ICW Mendesak Presiden Jokowi Menghindari Politik Praktis Jelang Pemilu Tahun 2024

Sumber foto: KOMPAS.com/Ardito Ramadhan D
Sumber foto: KOMPAS.com/Ardito Ramadhan D

Beberapa hari lalu Presiden Joko Widodo (Jokowi) baru saja mengumpulkan enam ketua umum partai politik di Istana Negara. Sepintas merujuk pada pernyataan sejumlah pihak memang tidak ada secara spesifik yang menyebutkan pertemuan itu membahas mengenai pemilihan Presiden dan Wakil Presiden tahun 2024 mendatang. Namun, bagi ICW sikap Presiden tersebut tetap tak etis dan disinyalir akan menimbulkan dugaan konflik kepentingan. Bagaimana tidak, di tengah situasi politik yang saat ini sedang riuh rendah, Presiden justru muncul dengan kesan ketidakmampuannya membedakan urusan publik dengan urusan politik. Mestinya sebagai Presiden, Jokowi mampu menjaga netralitasnya dan tidak turun langsung mencampuri ranah politik praktis. Sebab, masyarakat akan bias dalam melihat posisi Jokowi, antara sebagai Presiden atau kader partai politik. 

Buruknya etika politik Jokowi semakin diperjelas dengan pernyataannya sendiri pasca pertemuan dengan enam ketua partai tersebut. Sebagaimana ramai diberitakan, ia menyatakan bahwa sebagai pejabat publik yang juga sekaligus politisi, maka mengundang ataupun diundang para elit partai untuk membicarakan politik adalah hal yang lumrah. Padahal, dengan adanya posisi ganda yang disandangnya tersebut justru semakin mengharuskan ia untuk lebih mawas diri dalam bersikap. Potensi konflik kepentingan dengan menggunakan aset serta fasilitas negara untuk berpihak dan memberi keuntungan pada calon tertentu dalam pemilihan umum mendatang sangat mungkin terjadi. 

Konteks terkini rasanya tidak berlebihan jika menyebut Presiden Jokowi selalu bersikap permisif terhadap potensi konflik kepentingan dalam pemerintahannya. Penting diingat bahwa pertemuan dengan enam ketua partai tersebut bukanlah kali pertama, pada April lalu Presiden diketahui sempat melakukan pertemuan serupa dengan lima ketua umum partai. Terbaru pada Kamis, 4 Mei 2023 Jokowi menerima kunjungan Plt Ketua Umum PPP, Mardiono yang sebelumnya telah menyampaikan dukungan partainya pada pencalonan Ganjar Pranowo. Tentu rangkaian pertemuan Jokowi dengan elit partai ini bukan tidak mungkin semakin meruntuhkan independensi sikap Presiden. 

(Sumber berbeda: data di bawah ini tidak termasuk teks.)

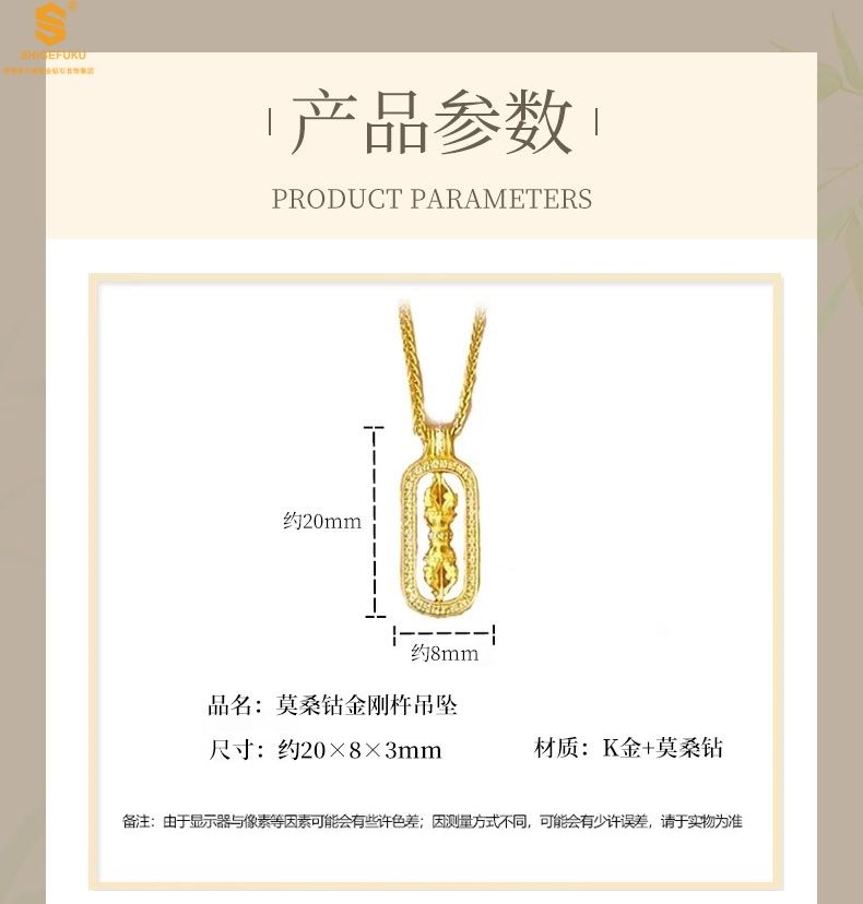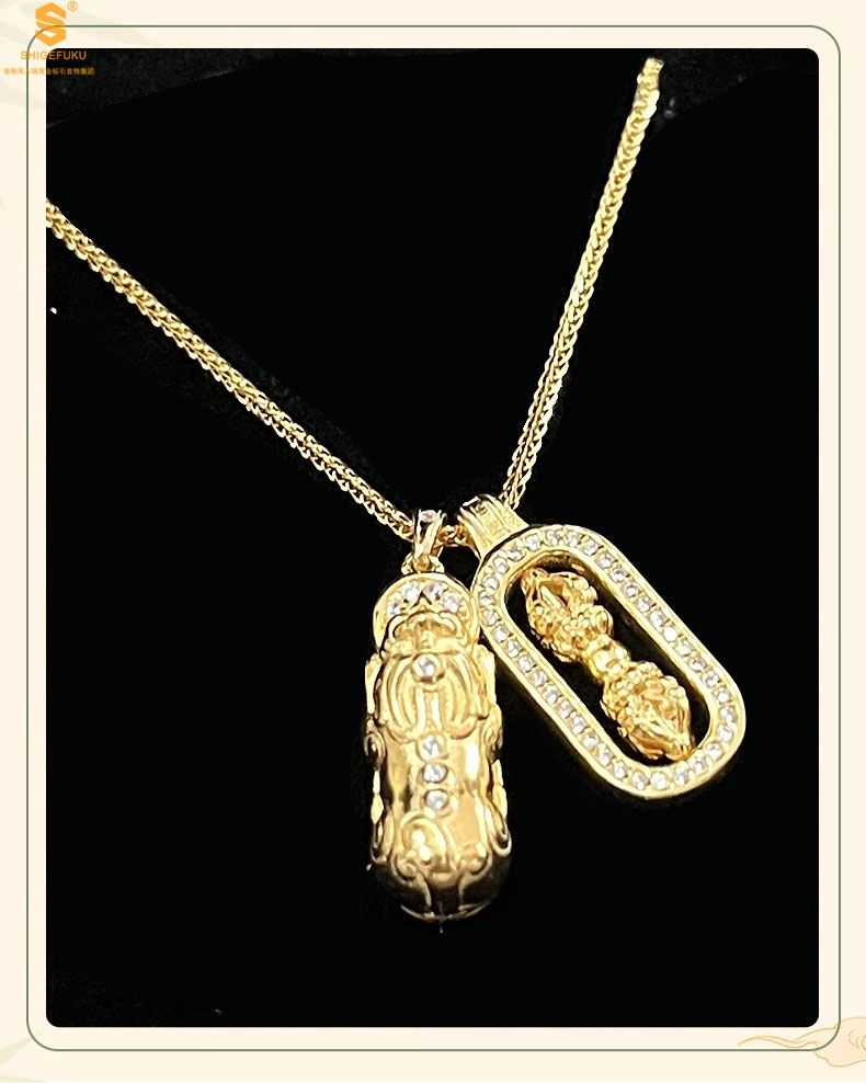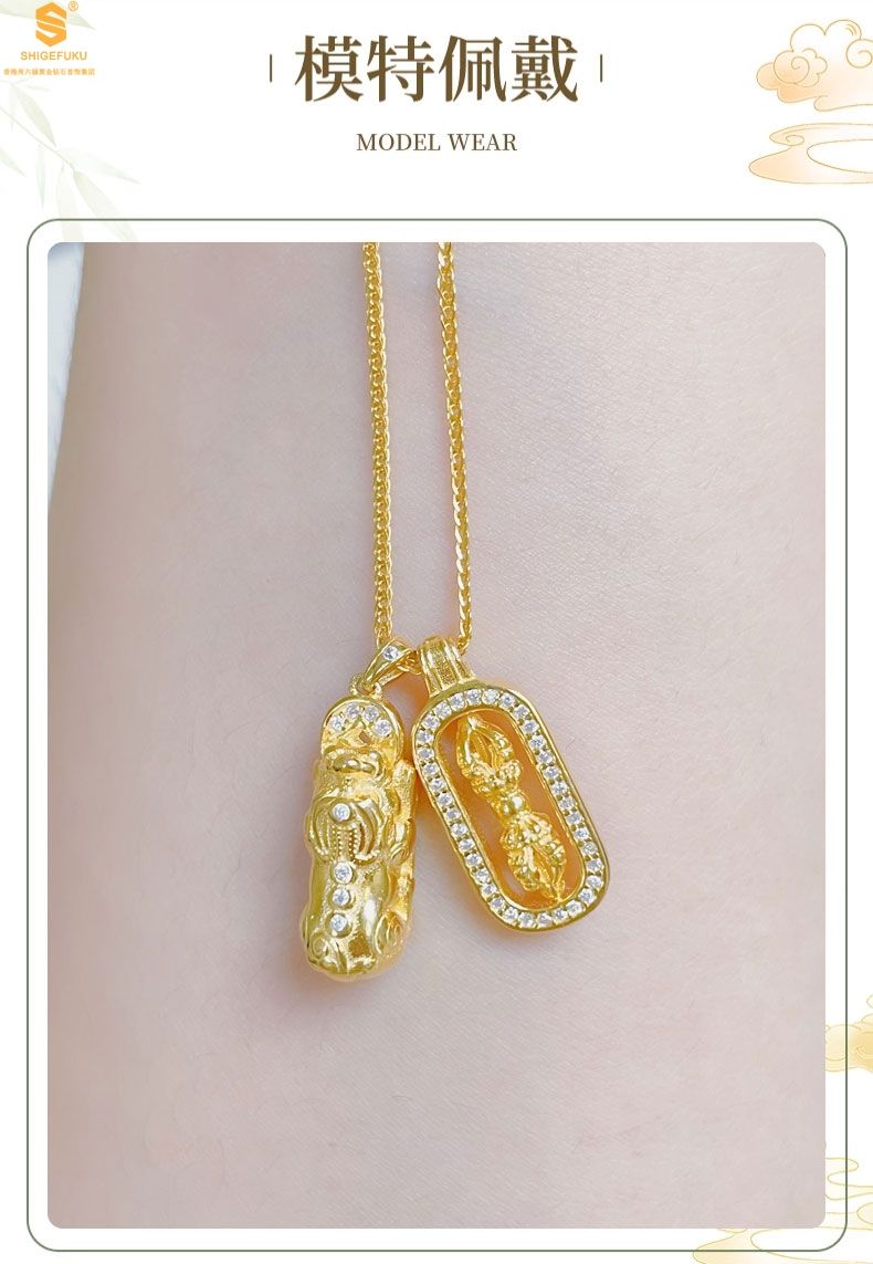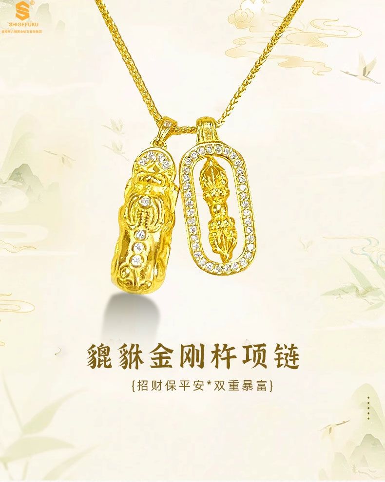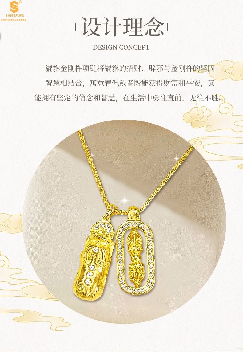 商品名称:香港周六福黄金钻石首饰招财貔貅平安金刚杵点钻叠戴项链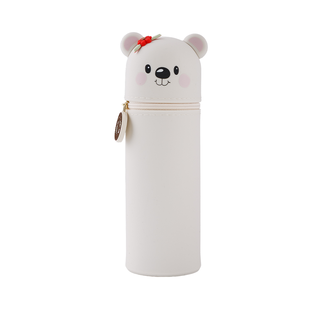 Entdecke unser lustiges Tiermäppchen und finde eine ideale Aufbewahrungsmöglichkeit für alle Deine Lieblingsstifte und Schreibutensilien. Hergestellt aus hochwertigem Silikon ist das Mäppchen strapazierfähig und abwaschbar und eignet sich somit besonders für einen langlebigen täglichen Gebrauch. Dank seines einzigartigen Designs kann es aufrecht stehen, was Dir jederzeit einen unkomplizierten und schnellen Zugang zu Deinen Stiften ermöglicht und Deinen Arbeitsplatz in der Schule oder Zuhause ordentlich hält. Ein stabiler Reißverschluss sorgt dafür, dass alle Schreibutensilien auch dann sicher aufbewahrt werden, wenn Dein Mäppchen im Schulranzen eine Pause einlegt. Zusätzlich hängt am Reißverschluss, befestigt an einem kleinen Kettchen, ein zauberhafter Herzanhänger. Dieser ist auf der einen Seite beschriftet mit „Ich bin Marzy“, auf der anderen steht „Pass gut auf mich auf! Ich gehöre zu: ___“, hier kann der stolze Besitzer seinen Namen eintragen. So wird das Mäppchen schnell zum persönlichen Lieblingsstück und lässt sich im Klassenzimmer, unterwegs oder zu Hause immer leicht wiederfinden! Mit seinem niedlichen Affen-Motiv ist dieses Mäppchen nicht nur funktional, sondern auch ein toller Blickfang für Schüler jeden Alters. Das Tiermäppchen ist ein ideales Geschenk für alle kleinen und großen Schulkinder! Bringe Funktionalität und eine große Portion Spaß in Deinen Schulalltag mit dem lustigen Eisbär-Mäppchen aus Silikon!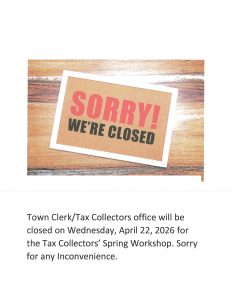 Town Clerk/Tax Collector’s Office Closed 4/22/26

Bukan hanya konflik kepentingan, namun ambiguitas sikap Presiden Jokowi menanggapi situasi politik terkini juga dapat dianggap masyarakat sebagai upaya memperdagangkan pengaruh (trading in influence). Sebab, keterlibatan dalam politik praktis, bahkan jika kemudian ia mendukung secara langsung kandidat tertentu bisa menggerakkan struktur negara untuk mengikuti langkahnya. Bukti konkretnya sudah terlihat saat Menteri Investasi, Bahlil Lahadalia, beberapa hari lalu meminta kepada kandidat calon Presiden untuk berbuat baik kepada Presiden Jokowi jika ingin menang Pemilu 2024 mendatang. Ucapan kontroversi ini tentu tidak akan disampaikan bila Presiden mampu menarik diri dari gelanggang politik. 

Presiden Jokowi semestinya memahami bahwa dirinya sudah berada di akhir masa jabatan dan secara konstitusional tidak dimungkinkan lagi untuk mengikuti Pemilu mendatang. Oleh karena itu, secara etika politik, sepatutnya ia tidak menggunakan kewenangan yang melekat pada dirinya untuk terlibat aktif dalam kontestasi pemilihan rezim berikutnya. Dengan kondisi dewasa ini, apabila Presiden Jokowi enggan menahan dirinya melakukan manuver politis maupun mengeluarkan keputusan besar, maka sulit bagi publik untuk tidak menarasikan upaya-upaya tersebut sebagai upaya menyabotase administrasi pemerintahan mendatang. 

Oleh karena itu, berdasarkan uraian di atas ICW mendesak Presiden untuk memperhatikan serta menegakkan etika pejabat publik dan menjaga independensi sebagai Presiden, yang juga Kepala Negara sekaligus Kepala Pemerintahan dari politik praktis jelang pemilu mendatang.